System event categories
|Category||Description||Displayed in the ECS console|
|Unexpected O&M events||This category of system events is triggered when ECS instances restart or break down due to unexpected issues such as kernel panic, out-of-memory errors, or hardware or software failures in underlying hosts. Alibaba Cloud sends these events when they are detected and restores affected ECS resources as soon as possible. At the same time, Alibaba Cloud notifies you of the execution states of system O&M tasks related to the events.||Yes|
|Scheduled O&M events||Alibaba Cloud may need to upgrade host software for security reasons or to foresee and take actions against failure risks that lie in underlying host hardware and software. In these cases, if O&M tasks to be executed by Alibaba Cloud may affect the availability or performance of your ECS resources, Alibaba Cloud triggers and sends scheduled O&M events in advance to notify you of task details such as execution times, objects, and impacts. After you receive a scheduled O&M event, you can handle it during an off-peak period within the event execution window to minimize the impact on your business.||Yes|
|Instance billing events||This category of system events is triggered by upcoming billing changes of instances. For example, instance billing events are triggered when instances expire and are about to be released or when instances are about to be stopped due to overdue payments.||Yes|
|Instance security events||This category of system events is triggered when instances face security threats. For example, instance security events are triggered when instances suffer DDoS attacks or when blackhole filtering is triggered for instances.||Yes|
|State change events||This category of system events is triggered when operations (such as Start and Stop)
on instances cause their lifecycle states to change or when instance attribute changes
cause instance lifecycle or other states to change. State change events are classified
into the following categories:
System event severities
- Critical: Critical system events may result in instance unavailability and must be handled as soon as possible. For example, a critical system event is triggered when resources are released due to an overdue payment or when an instance is redeployed due to an instance error.
- Warning: Warning system events have impact on your business. For example, a warning system event is triggered when a burstable instance cannot burst above its performance baseline. You must pay close attention to these events or handle them when appropriate.

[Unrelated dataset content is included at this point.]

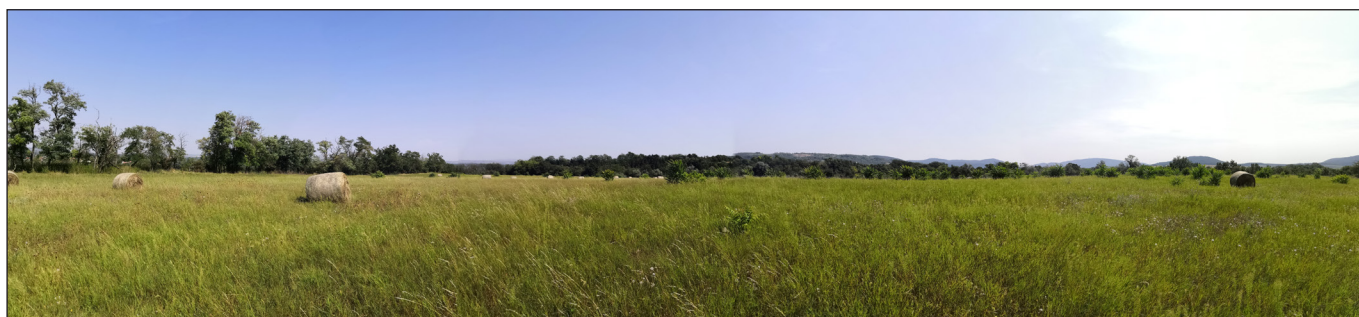
Fig. 1. Panoramic view of the loess plateau of Süttő, with the Gerecse Hills in the background

Traces of past human actions that transformed the natural environment are usually easily recognizable in the landscape, but the early Iron Age monumental landscape features of the Central Danube Basin are often difficult to identify. Realizing this, an international cooperation was launched, which connected 20 institutions from five countries and gained the generous support of the European Union Danube Transnational Programme (Early Iron Age monumental landscapes of the Danube basin, shortly: Iron-Age-Danube project). The project aimed to apply a unified research strategy for the preservation and presentation of the characteristic Iron Age cultural heritage of the area. 1 Since the beginning of the international program, reports on its results have been regularly published in the journal Hungarian Archeology.

- Notification: Notification system events do not affect your business. For example, a notification system event is triggered when a snapshot is created for a disk. You can optionally pay attention to notification system events.
Use scenarios of system events
- Notification of risks and exceptions
After system events that can be displayed in the ECS console are triggered, Alibaba Cloud pushes the events to the ECS console. These events include those that affect the availability and performance of ECS resources, such as SystemMaintenance.Reboot events among scheduled O&M events and InstanceExpiration.Stop events among instance billing events.For some critical system events, Alibaba Cloud sends additional emails or internal messages. You can handle these events by using the ECS console or by calling API operations. We recommend that you handle the system events as soon as possible to ensure resource availability and performance. For more information, see Query and handle ECS system events.
For example, when a subscription instance is about to expire, the ECS console prompts you to renew the instance within a specified period of time to ensure service continuity.
- Automated O&M
States are defined for system events displayed in the ECS console to help you understand the execution states of system O&M tasks. Meanwhile, new system events and changes in system event states are reported to CloudMonitor so that you can build an event-driven automated O&M system based on your business requirements. For more information about event states, see the States and windows of system events section in this topic.Note Each event state corresponds to a CloudMonitor event. For example, the Executing and Executed states that the InstanceFailure.Reboot ECS event type supports correspond to the Instance:InstanceFailure.Reboot:Executing and Instance:InstanceFailure.Reboot:Executed CloudMonitor events.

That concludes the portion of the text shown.